Introduction
When implementing Windows 10 Always On VPN, eliminating single points of failure is crucial to ensuring the highest levels of productivity for mobile workers. Enabling load balancing for VPN servers in a single location can prevent outages in the event of an individual server failure, but it does not provide any geographic redundancy or failover.
Manual Failover
Entering multiple Fully Qualified Domain Names (FQDNs) is possible when creating an Always On VPN connection in Windows 10. However, this does not provide automatic failover as you might expect. The client will always connect to the first VPN server in the list and will not load balance or automatically failover to another site. To failover to another VPN server, the user must modify the settings of the VPN connection and manually select a different VPN server to connect to.
Automated Failover
To enable automatic failover and intelligent site selection, a Global Server Load Balancer (GSLB) such as the KEMP LoadMaster GEO must be deployed. Using GEO, administrators can configure VPN clients with a single FQDN for remote access connections. GEO will monitor back end VPN servers and ensure that client connections are always routed to VPN servers that are available. Administrators can further tailor GEO settings to balance connections between locations, direct all connections to a primary location and failover to another if the primary is unavailable, or route VPN connection requests to the nearest VPN server based on their location.
GEO Configuration
Note: Before configuring GEO the administrator must decide on the FQDN to be used by VPN clients.
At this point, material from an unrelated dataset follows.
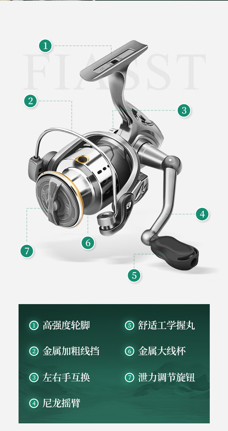 Feiyuejia small golf long-range fishing spinning wheel screw-in tilt-mouth freshwater oblique mouth micro-object metal spinning wheel silver CC3000 type - left and right hand interchangeable

In addition, a DNS delegation must be created in public DNS to forward queries to the GEO appliance. Configuration guidance for KEMP LoadMaster GEO can be found here.
To configure GEO for Always On VPN geographic load balancing for two VPN servers in different physical locations, open the KEMP LoadMaster GEO web user interface and perform the following steps.
1. Expand Global Balancing. 2. Click Manage FQDNs. 3. Enter the FQDN to be used by VPN clients. 4. Click Add FQDN
5. Choose an appropriate scheduling method from the Selection Criteria dropdown list. 6. Choose an appropriate DNS query response policy from the Public Requests dropdown list. 7. Choose an appropriate DNS query response policy from the Private Requests dropdown list. 8. Enter the public IP address of the VPN server in the New IP Address field. 9. If the KEMP GEO is part of a cluster, select the appropriate device from the Cluster dropdown list. 10. ClickAdd Address. 11. Repeat these steps for each additional VPN server as necessary.
Summary
Native Windows 10 Always On VPN connections provide no useful failover or redundancy options. To ensure that clients can connect to a VPN server that is online, KEMP GEO can be configured. This allows administrators to define a single FQDN for VPN client connections, which improves availability and provides additional deployment flexibility as well.